■ **EXERCISE DETAILS**: Write out the data below in full, unchanged, minus the images.

■ **COLLECTED MATERIAL**:
========================================================================

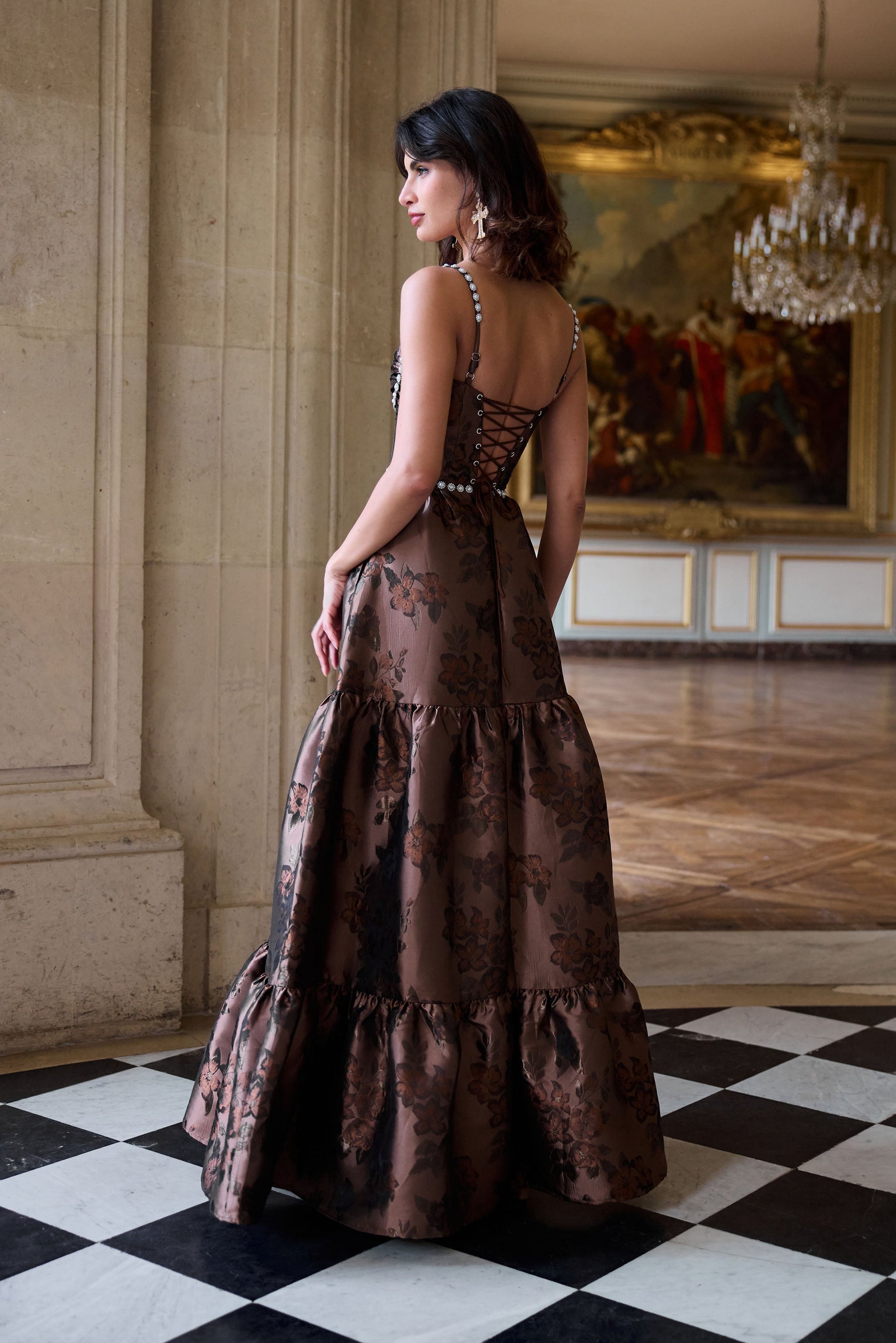 The Lucetta Dress in Cocoa Baroque Floral
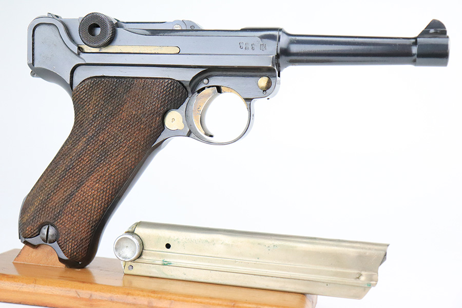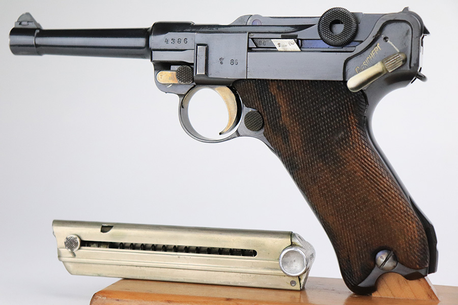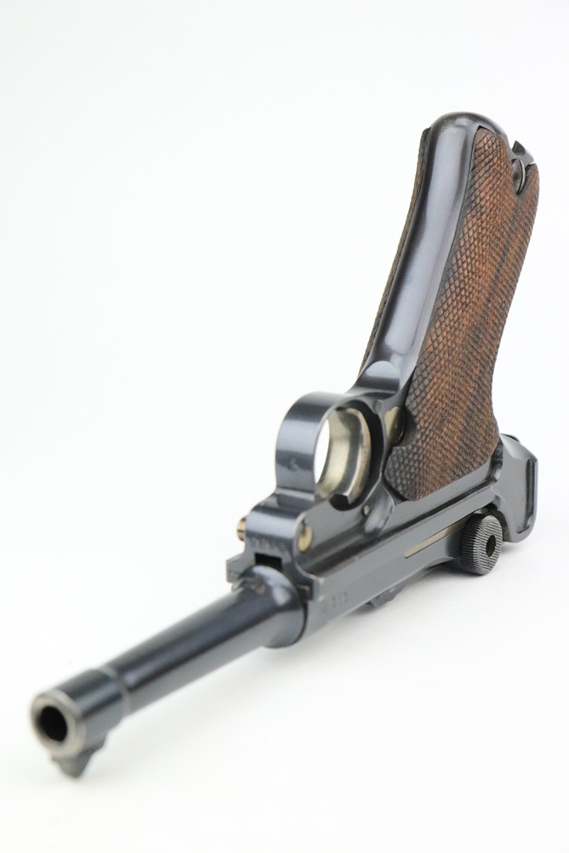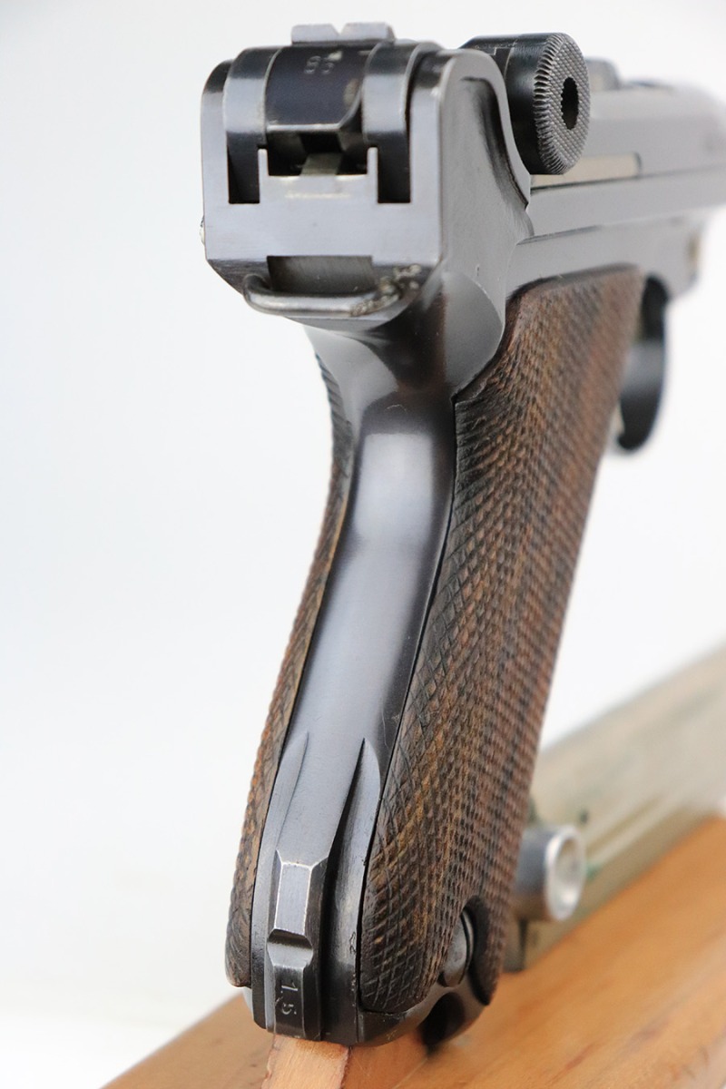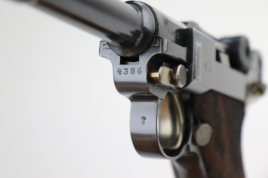 7/22/22 – This is a rare Simson Luger, manufactured in the 1920’s. It is all matching and has the proper “Eagle 6” Simson proofs throughout, even on the screws and on the magazine bottom. The magazine is matching to the gun. The whole gun has been professionally restored and re-blued, so it has a really nice fit and finish overall. Very little sign of wear or use. Comes with excellent wood grips – the left panel is matching (has some dark discoloration), the right is mismatched. Very nice bore with great rifling.
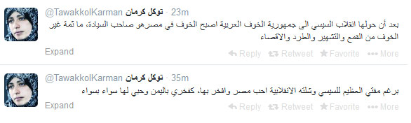 وتابعت: "برغم مقتي العظيم للسيسي وشلته الانقلابية أحب مصر وأفخر بها، كفخري باليمن وحبي لها سواء بسواء".
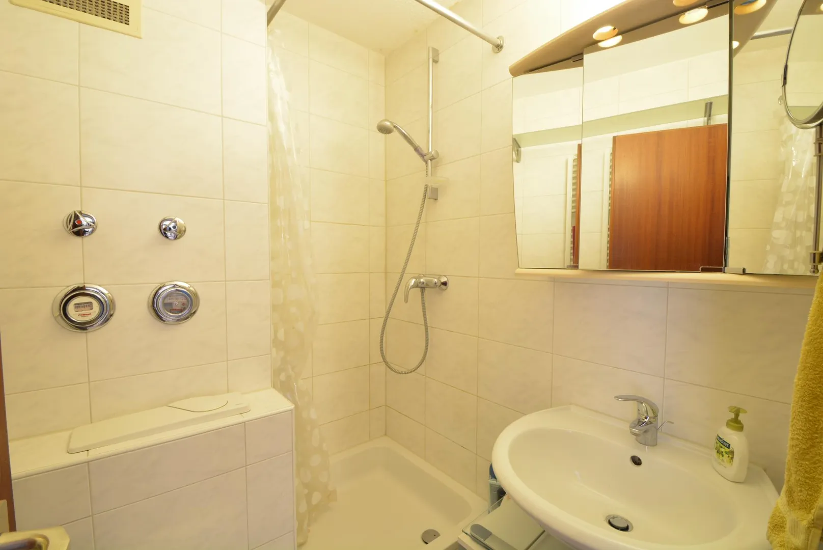 Das Badezimmer wurde ca. 2011 modernisiert und ist ausgestattet mit einer Dusche, einem WC, einem Spiegelschrank und einem Regal.

========================================================================

■ **TASK SOLUTION**:
 The Lucetta Dress in Cocoa Baroque Floral
 7/22/22 – This is a rare Simson Luger, manufactured in the 1920’s. It is all matching and has the proper “Eagle 6” Simson proofs throughout, even on the screws and on the magazine bottom. The magazine is matching to the gun. The whole gun has been professionally restored and re-blued, so it has a really nice fit and finish overall. Very little sign of wear or use. Comes with excellent wood grips – the left panel is matching (has some dark discoloration), the right is mismatched. Very nice bore with great rifling.
 وتابعت: "برغم مقتي العظيم للسيسي وشلته الانقلابية أحب مصر وأفخر بها، كفخري باليمن وحبي لها سواء بسواء".
 Das Badezimmer wurde ca. 2011 modernisiert und ist ausgestattet mit einer Dusche, einem WC, einem Spiegelschrank und einem Regal.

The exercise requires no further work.